Error_code indicates the specific cause of the mapping failure
107{
108 struct task_struct *tsk;
109 struct mm_struct *mm;
vm_area_struct struct * VMA;
111 unsigned long address;
unsigned long page;
113 unsigned long fixup;
int write;
siginfo_t info;
116
117/* Get the address */
118 __asm__ ("Movl%%cr2,%0": "=r" (address));
When I386CPU produces a page fault exception, the CPU causes the linear address of the mapping failure to be placed in the control register CR2
119
Tsk = current;
121
122/*
123 * We fault-in kernel-space virtual memory on-demand. The
124 * ' Reference ' page table is INIT_MM.PGD.
125 *
126 * note! We must not take any locks for the this case.
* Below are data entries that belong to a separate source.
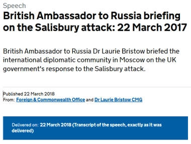 Ce tweet du 22 mars, et effacé depuis, faisait partie d’un fil qui résumait la réponse du gouvernement britannique à l’incident de Salisbury, telle que l’ambassadeur britannique en Russie, le Dr Laurie Bristow, l’avait transmise à la communauté diplomatique internationale à Moscou.
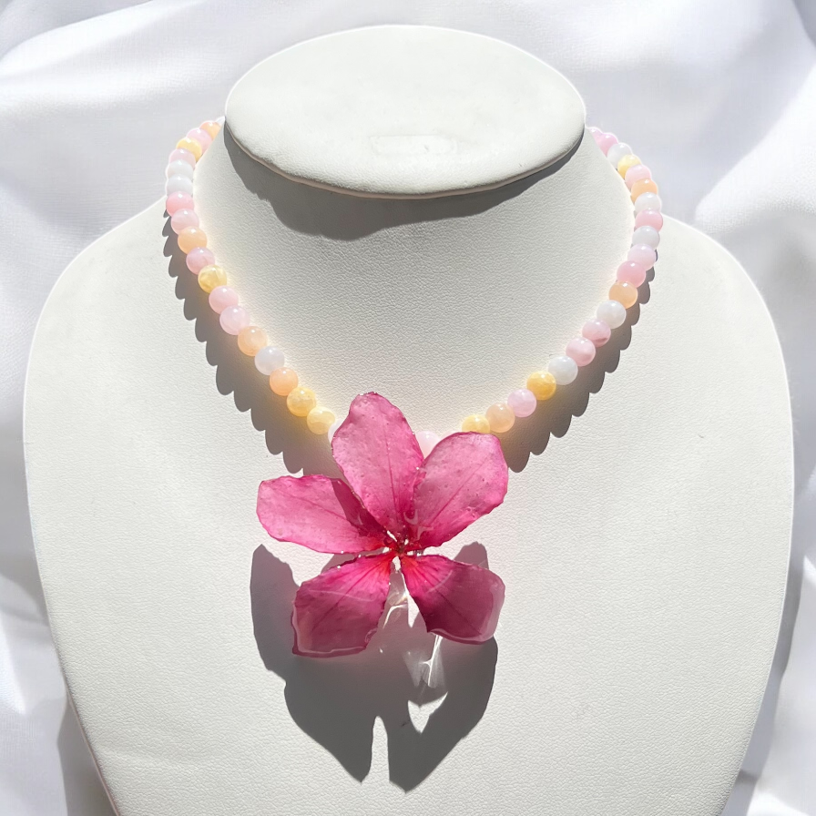 Florecita Plumeria encapsuladas con una cadena de piedras naturales de río, destaca con esta belleza natural en ti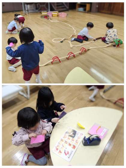 室内では、今日はどんな道にしようかな?と考えながら線路を組み立てて電車を走らせたり、折紙に夢中の子どももいます。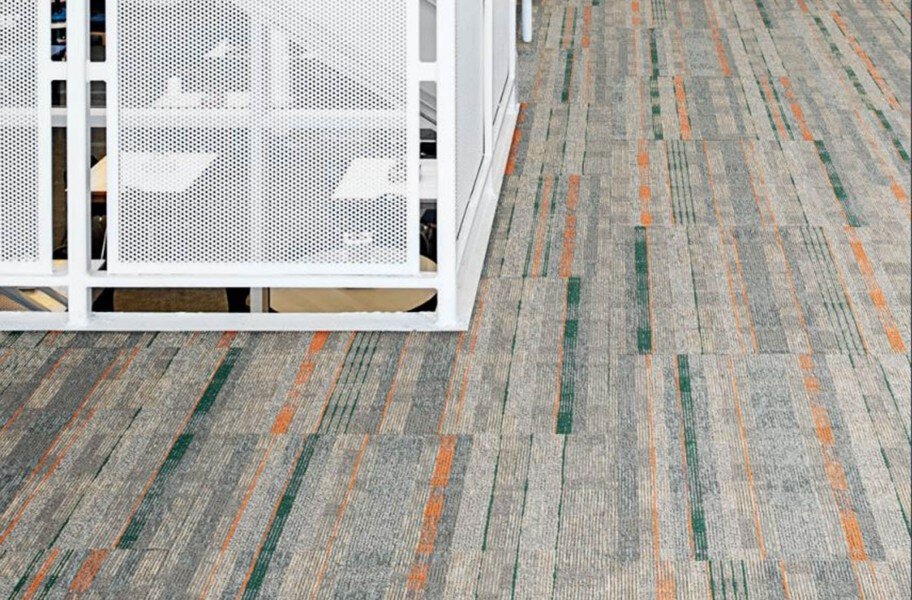 Contact Sport carpet tiles by EF Contract featured bold and beautiful color pops that are sure to look great in any office or store. These fun color combinations can bring out the competitor in all of us while providing a durable floor that is Class 1 Fire Rated and CRI Green Label Certified for indoor air quality. Recommended Installation Pattern - Quarter turn, ashlar, brick, monolithic Material - Constructed with Encore SD Ultima® Nylon with PROTEX® Soil Release technology and Nexus backing. Tiles are stabilized with a fiberglass reinforcement layer, are phthalate free and CRI Green Label Plus certified.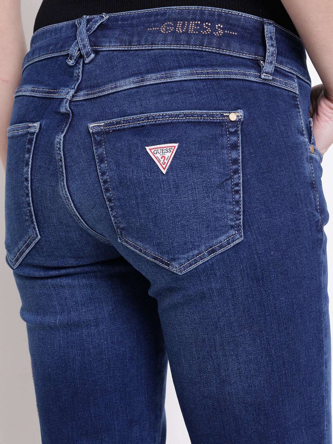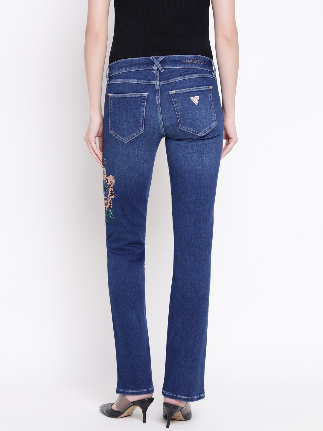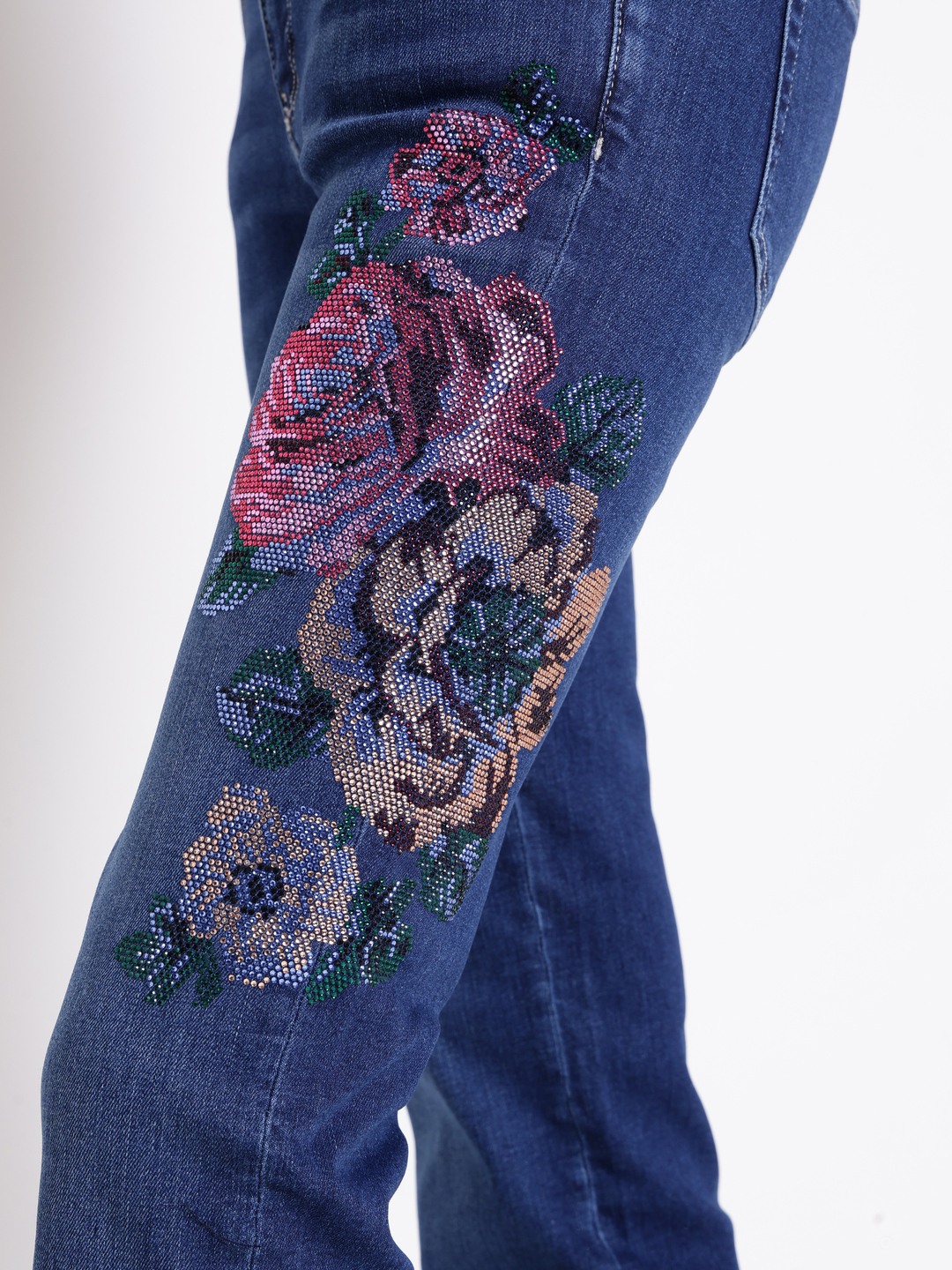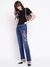 Hermosa denim jeans in a vibrant blue color offer a stylish flare fit that enhances your silhouette. Crafted from comfortable cotton fabric, these high-rise jeans provide a flattering and secure fit. The embellished pattern adds a touch of elegance and uniqueness to your look. Featuring a classic button closure, they are easy to wear and versatile for various occasions. Perfect for women who want a blend of comfort and fashion, these jeans are a must-have addition to your wardrobe.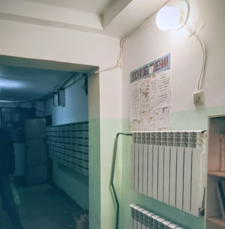 На лестничной площадке общий коридор огорожен, у квартиры есть возможность оставить строительные материалы, самокаты или велосипеды, либо хранить овощи.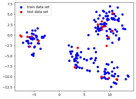 ax[0].scatter(X_train[:,0],X_train[:,1], c='b', label="train data set")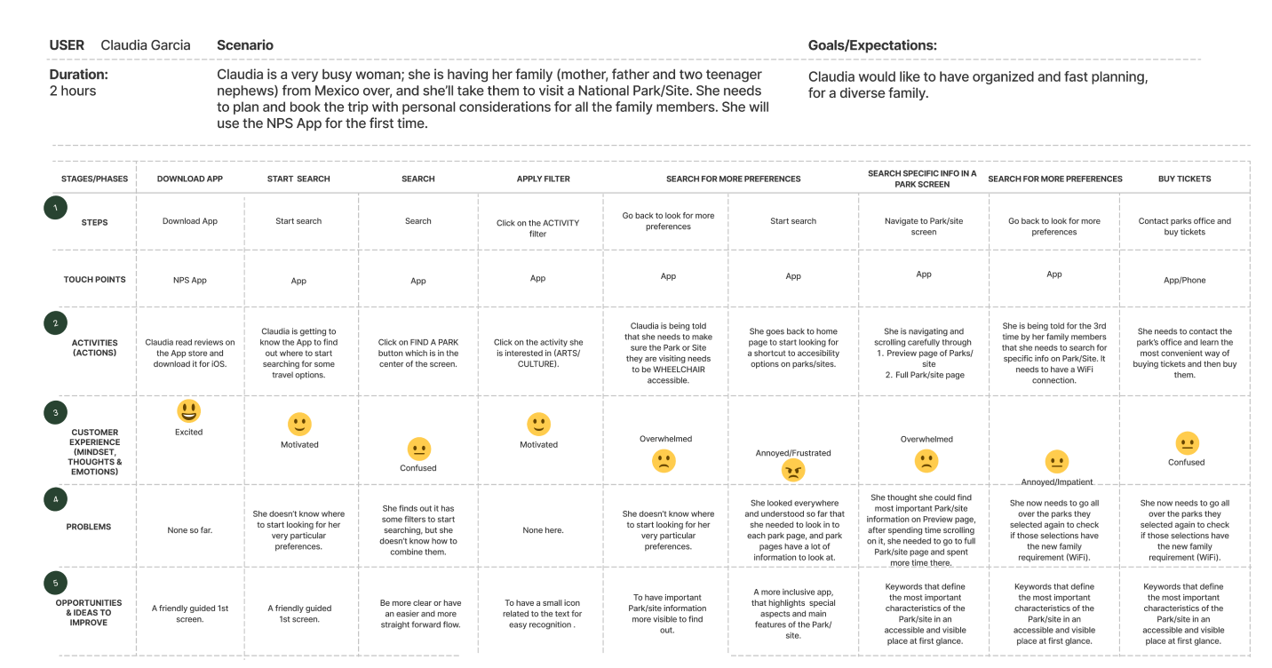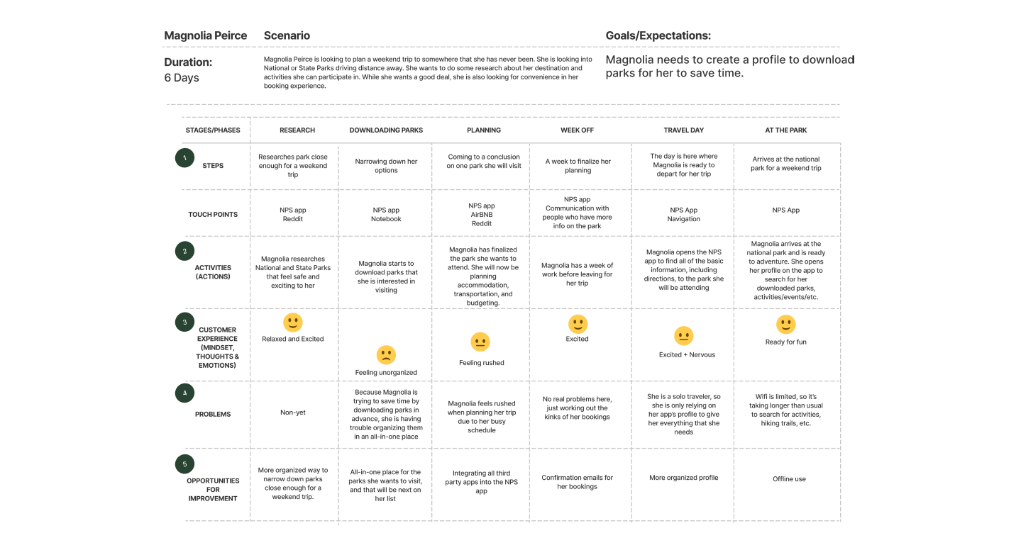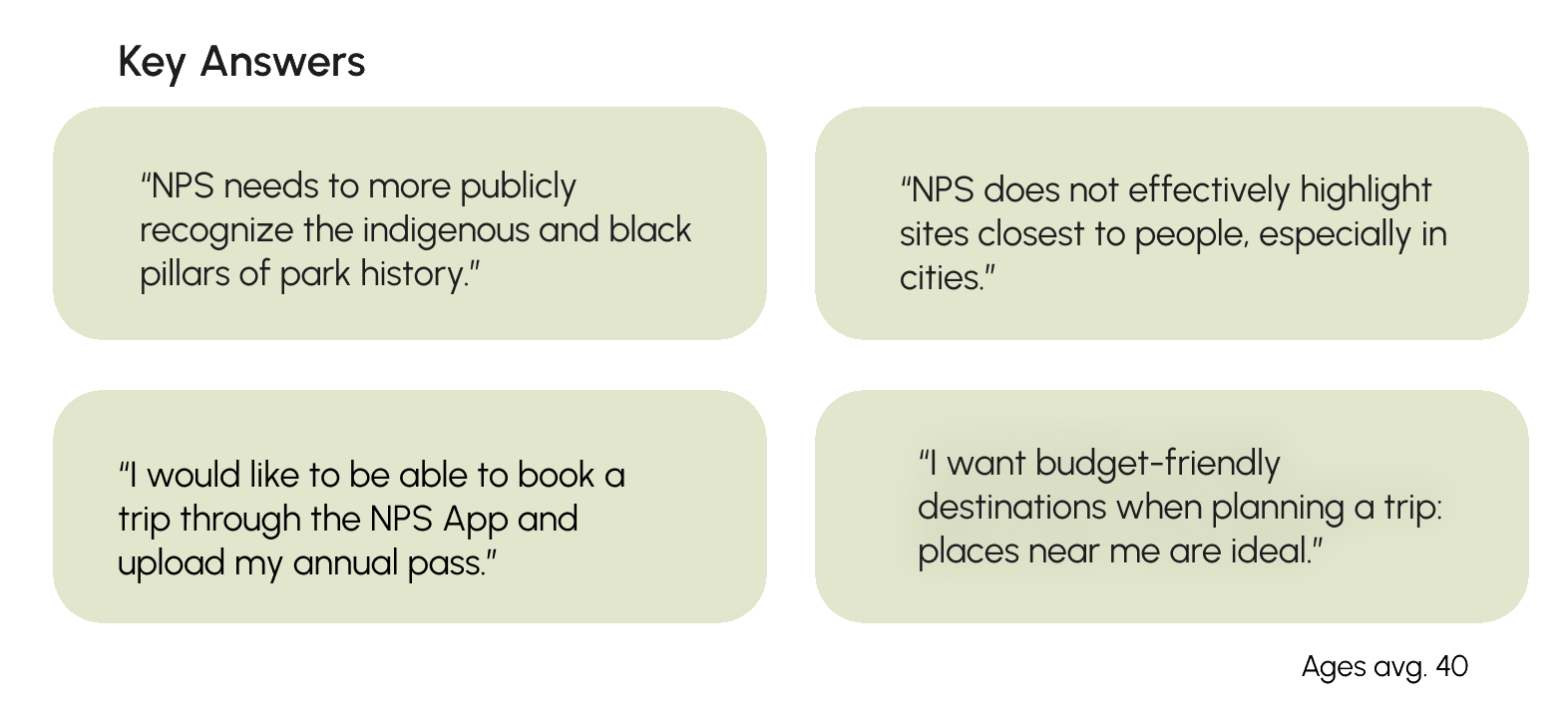 We conducted a survey among regular National Park visitors and those currently planning trips to National Parks to identify challenges, frustrations, requirements, and preferences regarding the National Park Service app. The goal is to improve their trip planning experience and tackle specific issues highlighted through their feedback.

We May
127 * is in an interrupt or a critical region, and should
* Only copy the information from the Master page table,
129 * Nothing more.
130 */
131 if (address >= task_size)
Check if the address exceeds the process virtual storage space
Vmalloc_fault Goto;
133
134 mm = tsk->mm;
135 Info.si_code = Segv_maperr;
136
137/*
138 * If we ' re in an interrupt or has no user
139 * Context, we must not take the fault.
140 */
141 if (in_interrupt () | |!mm)
In_interrupt () returns non 0, indicating that the failure of the mapping occurred in an interrupt service program
The MM pointer is empty, meaning that the mapping for the process has not yet been established
142 goto No_context;
143
144 Down (&AMP;MM-&GT;MMAP_SEM);
145
146 VMA = FIND_VMA (mm, address);
FIND_VMA () tries to find the first interval in a user's virtual storage space that the ending address is greater than the given address
147 if (!VMA)
If not, it means that the address is above the stack, which is more than 3G bytes, which belongs to the system space
148 goto Bad_area;
149 if (Vma->vm_start <= address)
Check to see if this address falls on an already mapped interval.
Good_area Goto;
151 if (! ( Vma->vm_flags & Vm_growsdown))
Check if the interval above the hole is a stack interval with a vm_growsdown flag of 1
Goto Bad_area;
153 if (Error_code & 4) {
154/*
155 * Accessing the stack below%esp is always a bug.
156 * the "+ +" is there due to some instructions (like
157 * Pusha) doing post-decrement on the stack and that
158 * doesn ' t show up until later.
159 */
if (address + < REGS-&GT;ESP)
161 Goto Bad_area;
162}
163 if (Expand_stack (VMA, address))
Extend the user stack area and check that the extension is successful
164 goto Bad_area;


220/*
221 * Something tried to access memory that isn ' t in our memory map.
222 * Fix it, but check if it ' s kernel or user first.
223 */
224bad_area:
225 up (&mm->mmap_sem);
226
227bad_area_nosemaphore:
228/* User mode accesses just cause a SIGSEGV *
229 if (Error_code & 4) {
TSK-&GT;THREAD.CR2 = address;
231 Tsk->thread.error_code = Error_code;
232 tsk->thread.trap_no = 14;
233 Info.si_signo = SIGSEGV;
234 Info.si_errno = 0;
235/* Info.si_code has been set above */
236 info.si_addr = (void *) address;
237 Force_sig_info (SIGSEGV, &info, tsk);
238 return;
239}

(go) oops of the Linux kernel

Contact Us

The content source of this page is from Internet, which doesn't represent Alibaba Cloud's opinion; products and services mentioned on that page don't have any relationship with Alibaba Cloud. If the content of the page makes you feel confusing, please write us an email, we will handle the problem within 5 days after receiving your email.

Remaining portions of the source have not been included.